Redaksibengkulu.co.id – Ancaman Iran untuk menutup Selat Hormuz, menyusul serangan AS ke sejumlah situs nuklirnya, memicu ketegangan geopolitik global. Parlemen Iran telah menyetujui langkah berani ini, namun keputusan final masih berada di tangan Dewan Keamanan Nasional Iran. Potensi penutupan jalur vital ini mengancam lonjakan harga energi dan memicu reaksi internasional yang tak terduga.
Meskipun parlemen telah menyetujui, beberapa analis meragukan Iran akan benar-benar menutup Selat Hormuz. Vandana Hari, pendiri Vanda Insights, mengatakan langkah tersebut akan membuat Iran bermusuhan dengan negara-negara penghasil minyak tetangganya, memicu konflik regional. Arab Saudi, Uni Emirat Arab, Irak, Kuwait, dan Qatar, yang secara signifikan mengandalkan Selat Hormuz untuk ekspor minyak mentah mereka, akan menjadi pihak yang paling terdampak. Iran sendiri juga akan merasakan kerugian besar, mengingat ekspor minyaknya ke pasar Asia, terutama China, akan terhambat.

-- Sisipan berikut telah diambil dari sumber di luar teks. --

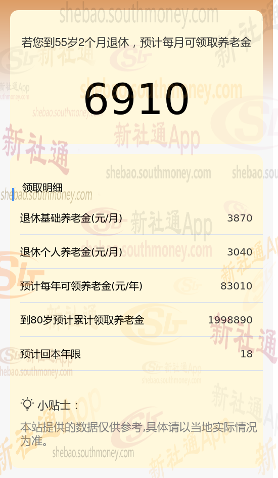 新社通app养老金计算器计算所得:

Andrew Bishop dari Signum Global Advisors menambahkan, Iran tak mungkin ingin berkonflik dengan China, pembeli minyak terbesarnya. Gangguan pasokan minyak justru akan membuat Iran menjadi target serangan, baik terhadap infrastruktur maupun rezimnya sendiri. Kecepatan reaksi AS dan Israel juga menjadi pertimbangan.

Related Post
Clayton Seigle dari Center for Strategic and International Studies menekankan ketergantungan China pada aliran minyak Teluk, bukan hanya dari Iran. Oleh karena itu, China akan berupaya menjaga stabilitas dan de-eskalasi untuk memastikan kelancaran aliran minyak dan gas melalui Selat Hormuz.
Joint Maritime Information Center hingga saat ini belum mendeteksi ancaman terhadap pelayaran komersial di Selat Hormuz. Kapal-kapal terkait AS dilaporkan melintas tanpa hambatan. Sebagai informasi, Selat Hormuz merupakan satu-satunya jalur laut dari Teluk Persia ke laut lepas, mengangkut sekitar 20% pasokan minyak dunia. Penutupan jalur ini akan berdampak sangat signifikan terhadap perekonomian global.